I am not sure if the Ivy is heat moldable, I think it is. If so, you should definitely heat mold them. Take them to a good shop and have someone familiar with boots help you with the heat molding, and the insoles. You could even find a boot fitter in your area.


----------



## Extremo (Nov 6, 2008)

It's common for new boots to cause these types of problems...I too recommend upgraded insoles, and wear them around your house more, it'll take some time for your feet to adjust to them. I usually count on 10 good, long days of riding before my new boots are comfortable.


----------



## bee28kay (Oct 3, 2010)

thanks for the advice! im going to get some insoles and try that out. i just called sport chalet and they do heat molding but i have a(possibly stupid) question about that: do i heat mold them with the old insoles or should i get the new ones first? i dont really know how the whole heat molding process works in full detail, just that they heat the boots up and then i put my feet in them so they mold to them


----------



## J.Schaef (Sep 13, 2009)

I would get the new insoles first. Then heat mold them with the insoles in the boots.

When I heat mold my boots, I make sure and wear the socks that I ride in. Some places will advise against this apparently, but I think it makes the most sense.

When the mold them, they will heat them up, (takes about 10-15 minutes), have you put them on and lace them up tight, then they have you stand with your toes on something, sometimes a 2x4 or something similar for about 15-20 minutes. Then you are done.
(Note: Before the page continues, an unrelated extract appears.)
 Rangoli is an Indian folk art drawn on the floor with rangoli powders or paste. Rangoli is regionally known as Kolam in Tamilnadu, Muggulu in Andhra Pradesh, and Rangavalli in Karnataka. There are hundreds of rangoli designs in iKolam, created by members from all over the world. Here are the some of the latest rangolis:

Extremo is right, you will probably hate the superfeet at first. They aren't designed to be squishy comfy. They are designed to provide support. I bought a few pairs so that I could outfit my shoes with them as well. Now I am hooked. At first though, the transition was difficult, My feet were a little sore for about 2 weeks.


----------



## lilfoot1598 (Mar 7, 2009)

Had you tried the Ivys before? Is it possible that you cinched them up too tightly? Were your toes hurting because they were slamming against the inside of the boot or because they were cold?

My feet cramp badly when my boots are too big. 
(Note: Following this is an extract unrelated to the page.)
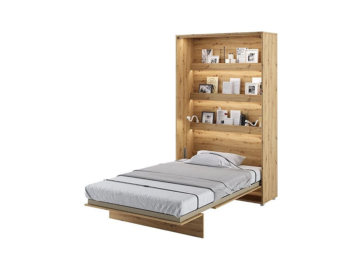Lit escamotable vertical avec étagères chêne artisan Noby 90x200-Avec matelas

Selfish question: How did you like the Pandora?


----------



## bee28kay (Oct 3, 2010)

no, it was the first time i actually rode with them..my toes were up against the boot, but not cause they were moving back and forth. i think they are a little bit crammed when i stand up straight but fit fine when i bend my knees so it was probably more from walking around then riding. but i tried to loosen them in the top part and it did help a tad. i definately dont think i could fit my foot into a smaller smaller size

the pandora was really fun! Im going to be honest though and tell you that I dont really have much justification because its the only board ive really paid attention to since the others were all rentals. its pretty soft and since its the beginning of the season, im not sure if it was cause im getting reacquainted with the motions of the sport or if the board doesnt handle chop so well. i could get up to speed but i think i was just getting nervous over some bumps in the path and had to speed check myself. i hope thats the case because i think it should be a really excellent board. it was super easy to initiate turns and didnt slip when i hit icy patches at the end of the day. but yeah, i dont know quite yet how good it is at charging =/ in the back of my head im afraid i should have gotten the 147 instead of the 143 but theres nothing i can do hah


----------



## bee28kay (Oct 3, 2010)

i wanted to update this thread because I finally got the superfeet, im taking them out tomorrow for the first time so i am currently trying to get my feet used to them

anyway, i tried to take my boots over to get them heat molded but the worker asked me how long ive had them (about 2 months but only worn them once) and he said that they dont need to be heat molded, theyll do it on their own. i was a little offended because i know itll do it on its own, but i dont ride THAT frequently and want them molded now. i went to sports chalet and is this guy just a dick? 

one of my boots is a little on the bigger side, but the other is borderline crunching my toes so im walking around with a makeshift toecap (anyone have good suggestions for what to use?) and an extra sock in that one, but is there a way to form the "bigger" one more formed to my foot?


----------



## ev13wt (Nov 22, 2010)

If you want them molded wtf go do it and who cares what the lazy ass says...


----------



## ev13wt (Nov 22, 2010)

Touching means lightly touching, brushed up against it like you would touch a woman.

Crammed aka boots too small means a half full coke can balaned on your foot.


----------